For Tomas Esparza, blues music is like a virus. It took just one exposure, and he couldn’t get it out of his system.

“About 20 years ago, I got to see (blues harmonica player) William Clarke in downtown Grand Rapids at Blues at the Mall,” he said. “I was very intrigued by the sound of the harmonica. I was so intrigued that I went and bought a harmonica the next day.”

Esparza, 53, brings his band to Michigan BluesFest Friday night. The Grand Rapids-based bluesman was a late bloomer, musically speaking, taking up the harmonica in his early 30s. Before that he had dabbled in music, but didn’t get very far.

“When I was in Catholic school I barely passed my music class — we had to learn to play a recorder,” Esparza said. “I always wanted to learn to play the saxophone. My ex-wife gave me a saxophone, but I couldn’t do anything. Back in those days I was very interested in learning to play jazz.”
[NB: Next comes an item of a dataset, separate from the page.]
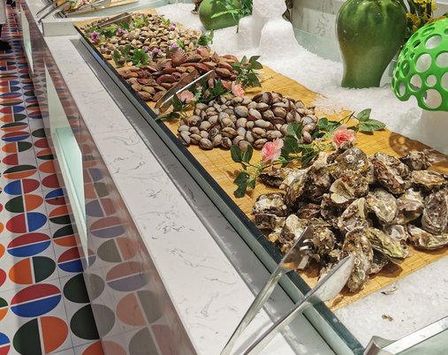 我們以每人130元的中檔海鮮自助餐廳來看,里面的菜品就會有比較多的海鮮,牛肉等,但是細心的小伙伴們就會發現,他們還提供各種各樣看上去就很好吃的糕點,而這些糕點基本上都是類似壽司,餅干之類的比較能充饑的糕點。而我們選菜的時候用的盤子比較小,一般我們裝個四五盤就覺得回本了,其實根本就沒有裝到很多,此消彼長,和那些便宜的糕點酒水一平攤下來,我們有的時候連一半金額也沒吃夠。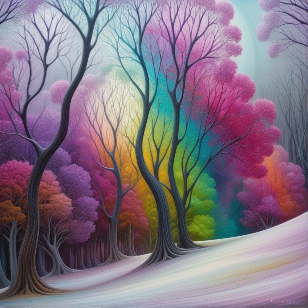 A whimsical forest scene features stylized trees with vibrant pink, purple, and orange foliage. The landscape is soft and dreamy, with a gradient sky and a sparkling foreground.

But something about the harmonica clicked with Esparza. He started taking adult education classes in Grand Rapids and even joined the Grand Rapids Harmonica Club. Several members of the club suggested Esparza go to Chicago to study the blues, but he took a different path.

“I went to Lansing to learn to play blues harmonica,” Esparza said. “Friends there like Ray Aleshire (of Those Delta Rhythm Kings) and Andy Wilson (formerly of Steppin’ In It), they all recommended listening to the old harmonica players, such as Little Walter, Sonny Boy (Williamson) and James Cotton. So I would come home and listen to all those recordings.”

Esparza dedicated himself to harmonica, studying the old records and playing any open mic he could find. He played for a short time in another blues band before striking out on his own.

“Since 2006, I have been fronting my own band,” Esparza said. “It has been very progressive — learning to be a frontman and advance my chops as a harmonica player. It has been a work in progress.”

Guitarist and singer Toronzo Cannon, Saturday’s BluesFest headliner, was exposed to the blues virus early, but it lay dormant in his system for a few decades.

“I kind of came in on the side door of the blues. I grew up around it as a kid, I’d hear my aunts and uncles and grandparents play blues records,” Cannon said. “When I first started playing guitar, I wanted to play reggae. But everywhere I went, there was a blues jam. There was no reggae jams. So when I started going to the blues jams, all my memories from when I was a kid started coming back. So I went towards the blues — something that was already inside me, it just hadn’t come out yet.”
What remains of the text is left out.